NOTE: There is also a village named Wortley in or near Leeds, Yorkshire.

the text in this section is copied from an article in Wikipedia

Wortley is a village and civil parish in the Metropolitan Borough of Barnsley, South Yorkshire, England. At the 2001 census it had a population of 579. Wortley is mentioned in the 1086 Domesday Book as Wirtleie.

Wortley grew up as a settlement where the Sheffield to Halifax road crossed the Cheshire to Rotherham route. In 1250, a Sunday market was briefly established, but this was quickly suppressed by the monks who owned the right to hold markets in Barnsley. In 1307, the village finally received a Royal Charter to hold a weekly Thursday market and an annual three-day fair at Whitsun. The market and fair both soon ceased, and an eighteenth-century attempt to revive the fair was unsuccessful.
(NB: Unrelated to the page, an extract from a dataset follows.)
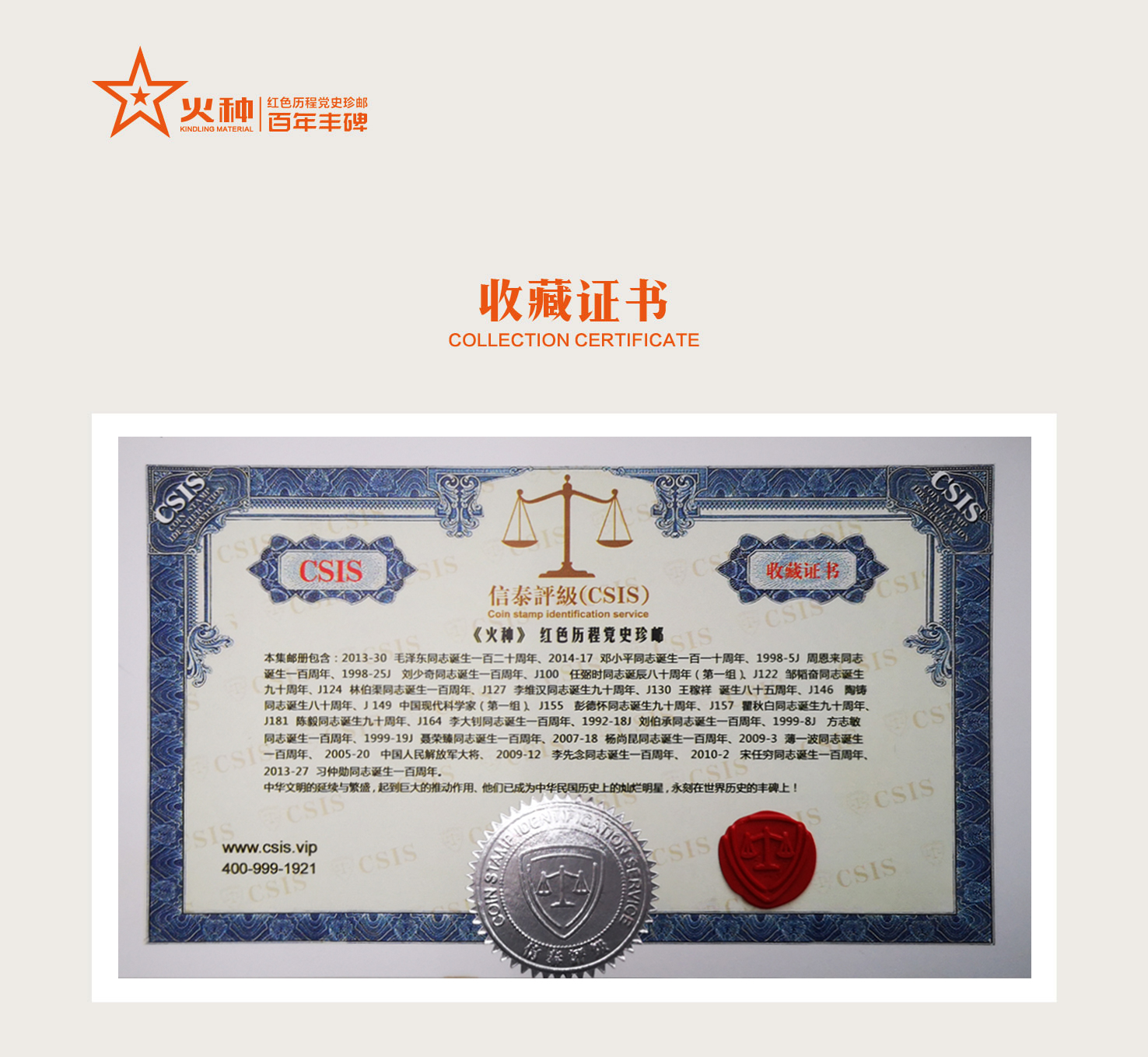 百年丰碑红色历程火种(带证书卡册) 带红色精美包装礼盒

The village is famous for the Wortley Top Forge, which dates back to the time of the Industrial Revolution, but is most famous for the notorious highwayman Swift Nick (John Nevison, 1639 - 1684) who was born and raised there. It was really he (and not Dick Turpin) who made the infamous ride on horseback from London to York in order to establish an alibi for a robbery. Until 1987, Wortley was home to the Earl of Wharncliffe.

Located in Wortley is Wortley Hall. The parish contains the hamlet of Bromley.

Until 1974 Wortley was a part of the Wortley Rural District in the West Riding of Yorkshire.